I have the following serial code that I would like to make parallel. I understand when using the collapse clause for nested loops, it's important to not have code before and after the for(i) loop since is not allowed. Then how do I parallel a nested for loop with if statements like this:
void foo2D(double Lx, double Ly, double KX[], double KY[], double ksqu[], double ninvksqu[], int FourierMeshType){
// Make a variable to account for way wavenumbers are set in FFTW3.
int k_counter = 0;
// kx corresponds to modes [0:n/2-1 , -n/2:-1]. This is why there is an additional step, just due to FFTW3's structuring
#pragma omp parallel for collapse(2)
for(int i = 0; i < nx ; i++){
for(int j = 0; j < nyk; j++){
if (i < nx/2){ // i<nx/2 --> 0 to 127
KX[j + nyk*i] =2.*M_PI*i/Lx; //K = 2pi/L* [0:nx/2-1 , -n/2:-1]' : creates a column vector with nx/2 elements starting from 0 ( from 0 to 127 then -128 to -1) 256/2 is 128
}
if( i >= nx/2){ // i >= nx/2 --> from -128 to -1
KX[j + nyk*i] = 2.* M_PI * (-i + 2.*k_counter) / Lx;
}
}
if( i >= nx/2){ // error here
k_counter++;
}
}
}
Where nx, ny, nyk
defined as:
static const int nx = 256;
static const int ny = 256;
static const int nyk = ny/2 + 1;
Is there a better way to rewrite this?
As pointed out in the comments by 1201ProgramAlarm, you can get rid of the error by eliminating the if
branch that exists between the two loops:
#pragma omp parallel for collapse(2)
for(int i = 0; i < nx ; i++){
for(int j = 0; j < nyk; j++){
...
}
if( i >= nx/2){ <== remove this
k_counter++;
}
}
This :
if( i >= nx/2){ <== remove this
k_counter++;
}
can be statically calculated beforehand.

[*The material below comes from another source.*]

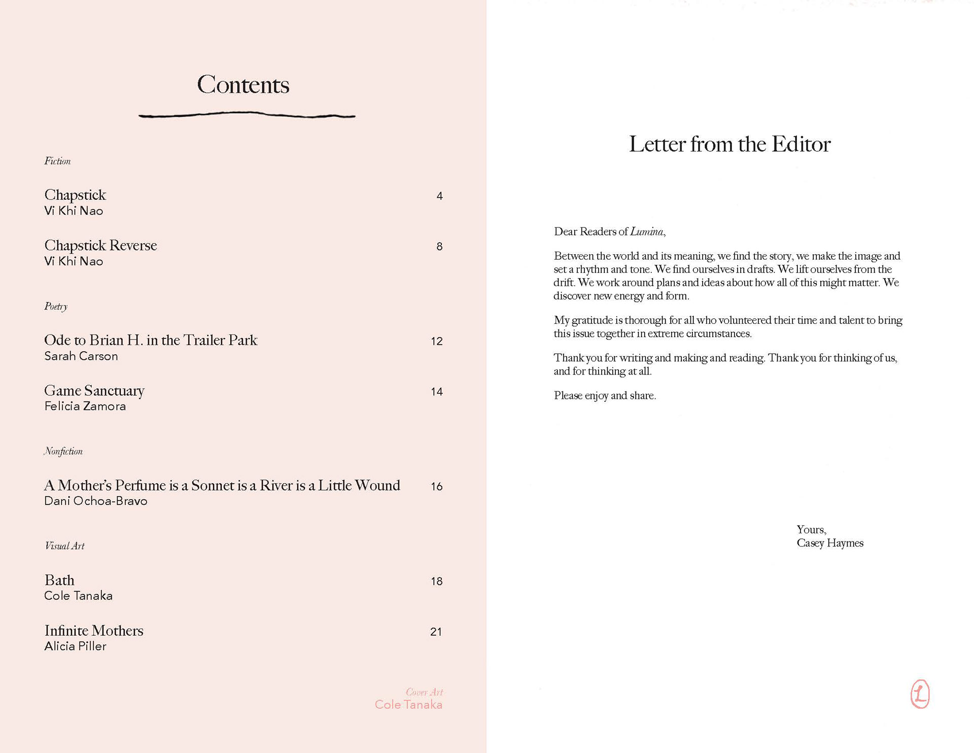 Rebrand and illustration for Lumina, the annual online and print publication of the Sarah Lawrence College. Project Roles: Designer, Illustrator Client: Sarah Laurence College
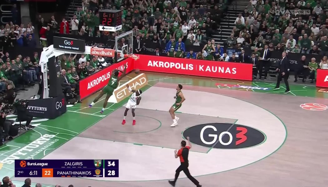Ζαλγκίρις - Παναθηναϊκός: Ο Κέντρικ Ναν χρεώθηκε με αντιαθλητικό φάουλ, καθώς σταμάτησε τον Μόουζες Ράιτ σε αιφνιδιασμό, με τον σέντερ της Ζαλγκίρις να πέφτει πολύ άσχημα στο παρκέ, αλλά ευτυχώς να μην τραυματίζεται σοβαρά.

So your code would look like the following:
void makeFourierMesh2D(double Lx, double Ly, double KX[], double KY[], double ksqu[], double ninvksqu[], int FourierMeshType){
#pragma omp parallel for collapse(2)
for(int i = 0; i < nx ; i++){
for(int j = 0; j < nyk; j++){
if (i < nx/2){
KX[j + nyk*i] =2.*M_PI*i/Lx;
}
if( i >= nx/2){
int k_counter = i - nx/2;
KX[j + nyk*i] = 2.* M_PI * (-i + 2.*k_counter) / Lx;
}
}
}
}
You can then simplify (-i + 2.*k_counter)
to (-i + 2 * ( i - nx/2))
and then (-i + 2*i - nx)
, which is i - nx
.
To further remove the other loops you can just compute each branch in a separate pair of loops as follows:
#pragma omp parallel for collapse(2)
for(int i = 0; i < nx/2 ; i++){
for(int j = 0; j < nyk; j++){
KX[j + nyk*i] =2.*M_PI*i/Lx;
}
}
#pragma omp parallel for collapse(2)
for(int i = nx/2; i < nx ; i++){
for(int j = 0; j < nyk; j++){
KX[j + nyk*i] = 2.* M_PI * ((i - nx) / Lx);
}
}
as previously you can also simplify (-i + 2.*k_counter)
into i - nx
.